At the regional scale, the BlueSky pipeline and the chemical transport model (CTM), CMAQ, are applied to estimate emissions and simulate air quality impacts from prescribed fires. Burned areas from prescribed fires are identified from a remote sensing product and calibrated against state burn permit records. These improved burned area estimates are processed through BlueSky to produce hourly emissions for CMAQ simulations, enabling assessments of prescribed fire health impacts in the southeastern U.S. BlueSky and CMAQ are also used to simulate factual and counterfactual scenarios to evaluate air quality trade-offs between wildfires and prescribed fires. A case study of the 2016 Gatlinburg wildfire reveals that prescribed fire management can reduce overall smoke exposure. To address biases in regional CTM simulations, a generalized data fusion method integrates observations and CTM simulations, improving regional PM2.5 estimates and enabling prescribed fire-specific air quality impact assessments.
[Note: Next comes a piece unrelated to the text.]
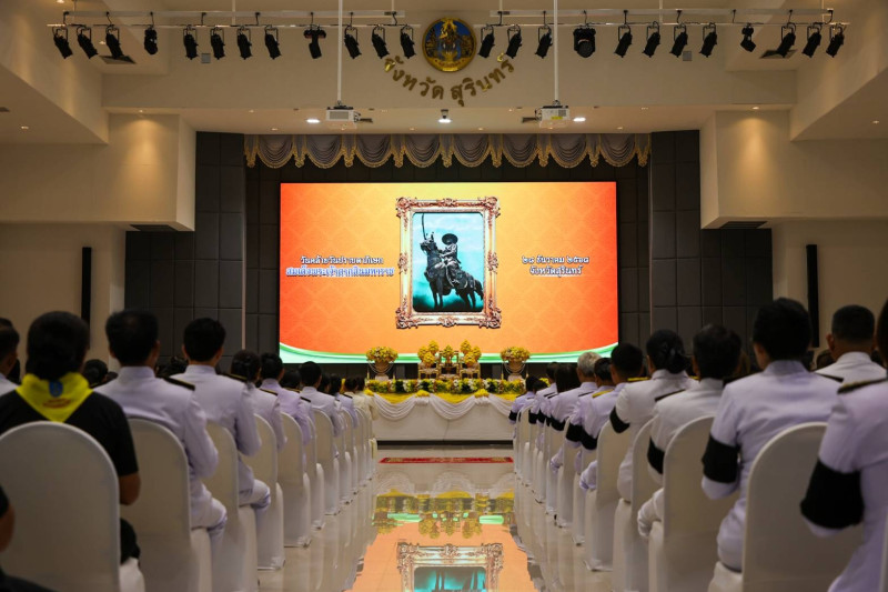 วันที่ 28 ธันวาคม 2568 เวลา 07.19 น. ข้าราชการและพนักงานราชการ กลุ่มจัดตั้งและส่งเสริมสหกรณ์ ร่วมพิธีสวดพระพุทธมนต์ถวายพระราชกุศล และพิธีวางพานพุ่มดอกไม้ถวายราชสักการะ เนื่องในวันสมเด็จพระเจ้าตากสินมหาราช โดยนายจำเริญ แหวนเพ็ชร ผู้ว่าราชการจังหวัดสุรินทร์ มอบหมายให้นายประภาส ศรีจันทร์เวียง รองผู้ว่าราชการจังหวัดสุรินทร์ เป็นประธานในพิธิ พร้อมด้วยข้าราชการศาล ทหาร ตำรวจ หัวหน้าส่วนราชการระดับจังหวัดและอำเภอ ข้าราชการ พนักงาน และเจ้าหน้าที่ เข้าร่วมพิธีอย่างพร้อมเพรียง ณ หอประชุมจังหวัดสุรินทร์

At the urban scale, the fire behavior model WRF-SFIRE and the CTM CMAQ are effective modeling frameworks for simulating smoke from prescribed burns. The thesis investigates the impacts of biased wind simulations on smoke concentration simulations. Wind bias reduction methods improve meteorological simulations but cannot eliminate wind biases, prompting the development of smoke model evaluation methods to quantify concentration uncertainty from meteorology. Model intercomparison between WRF-SFIRE and BlueSky-CMAQ highlights their complementary strengths: WRF-SFIRE captures fire-atmosphere interactions and plume dynamics more realistically, whereas BlueSky-CMAQ simulates atmospheric chemistry and secondary pollutants but oversimplifies plume rise. To combine these capabilities, a generalizable offline coupling algorithm is developed to integrate WRF-SFIRE and CMAQ, improving PM2.5 and ozone predictions with reasonable computational cost.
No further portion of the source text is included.